Problem statement: Look below for the lines from the one with "チャートで説明すると、買い注" to the one with "San Buenaventura, Coahuila;", and copy exactly those lines, both ends included.

Data to process:
:::::

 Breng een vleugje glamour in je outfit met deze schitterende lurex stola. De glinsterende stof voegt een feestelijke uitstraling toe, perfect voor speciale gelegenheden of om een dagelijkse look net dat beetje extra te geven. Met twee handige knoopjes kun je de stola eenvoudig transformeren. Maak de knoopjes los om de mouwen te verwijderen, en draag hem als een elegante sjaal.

:::::

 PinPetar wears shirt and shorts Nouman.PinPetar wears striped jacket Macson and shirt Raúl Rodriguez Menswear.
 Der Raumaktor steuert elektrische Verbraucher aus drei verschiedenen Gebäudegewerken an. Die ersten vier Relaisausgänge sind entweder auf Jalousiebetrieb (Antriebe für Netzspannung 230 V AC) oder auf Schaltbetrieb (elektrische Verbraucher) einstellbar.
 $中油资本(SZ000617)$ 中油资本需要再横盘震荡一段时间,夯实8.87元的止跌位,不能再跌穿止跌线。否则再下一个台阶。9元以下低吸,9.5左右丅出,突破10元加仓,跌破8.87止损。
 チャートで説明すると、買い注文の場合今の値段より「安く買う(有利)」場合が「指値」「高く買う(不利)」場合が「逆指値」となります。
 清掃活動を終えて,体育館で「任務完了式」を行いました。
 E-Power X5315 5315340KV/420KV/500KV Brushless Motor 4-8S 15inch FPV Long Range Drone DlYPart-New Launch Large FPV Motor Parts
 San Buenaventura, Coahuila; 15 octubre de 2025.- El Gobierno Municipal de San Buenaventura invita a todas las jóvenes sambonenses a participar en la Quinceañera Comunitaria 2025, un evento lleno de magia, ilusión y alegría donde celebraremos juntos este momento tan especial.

:::::

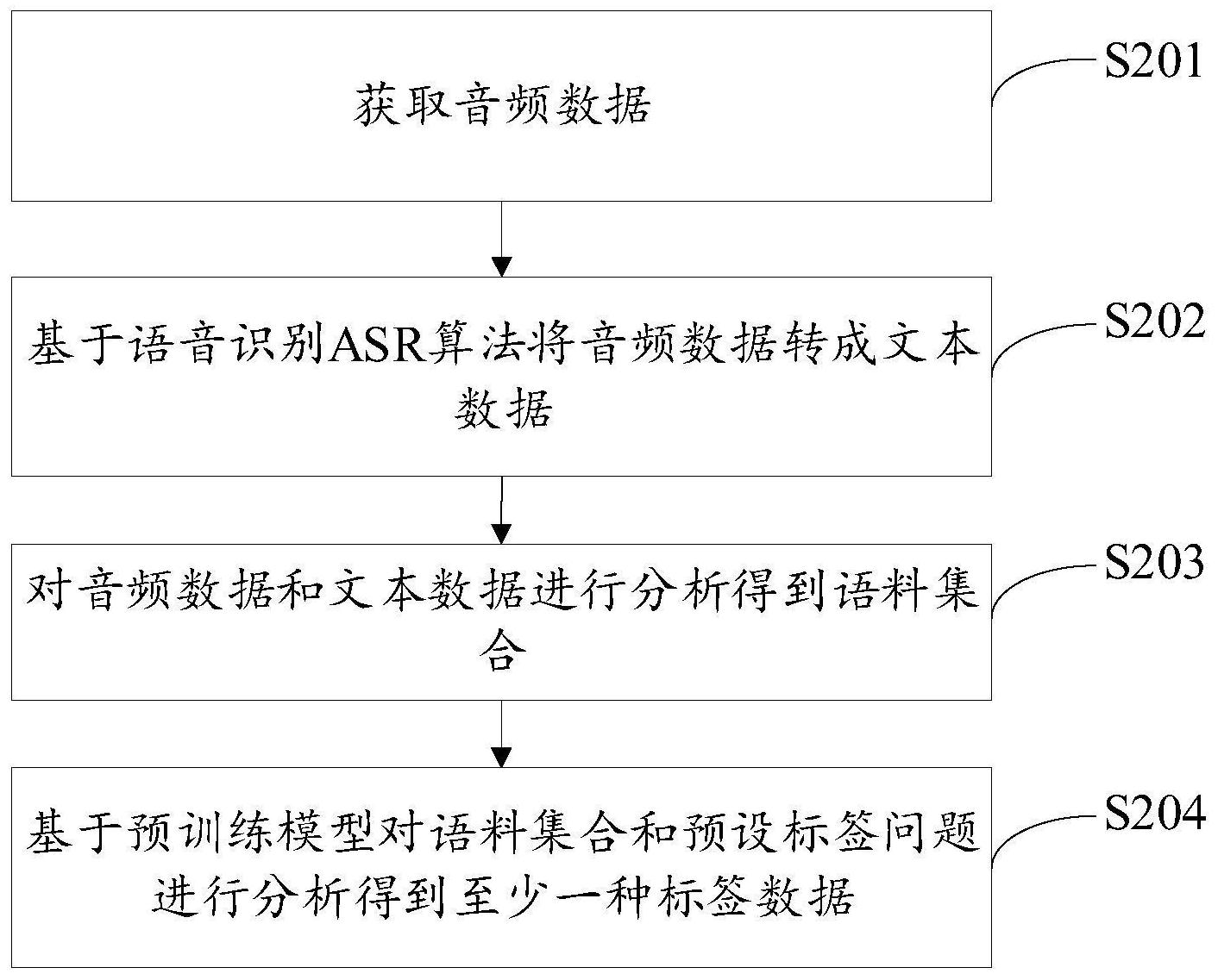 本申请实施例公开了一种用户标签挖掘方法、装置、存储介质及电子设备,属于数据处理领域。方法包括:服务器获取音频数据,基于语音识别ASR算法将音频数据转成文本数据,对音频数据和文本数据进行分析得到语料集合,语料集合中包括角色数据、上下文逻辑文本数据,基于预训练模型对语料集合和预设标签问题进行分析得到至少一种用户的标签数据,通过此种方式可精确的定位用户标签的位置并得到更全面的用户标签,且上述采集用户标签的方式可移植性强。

:::::

Task output:
 チャートで説明すると、買い注文の場合今の値段より「安く買う(有利)」場合が「指値」「高く買う(不利)」場合が「逆指値」となります。
 清掃活動を終えて,体育館で「任務完了式」を行いました。
 E-Power X5315 5315340KV/420KV/500KV Brushless Motor 4-8S 15inch FPV Long Range Drone DlYPart-New Launch Large FPV Motor Parts
 San Buenaventura, Coahuila; 15 octubre de 2025.- El Gobierno Municipal de San Buenaventura invita a todas las jóvenes sambonenses a participar en la Quinceañera Comunitaria 2025, un evento lleno de magia, ilusión y alegría donde celebraremos juntos este momento tan especial.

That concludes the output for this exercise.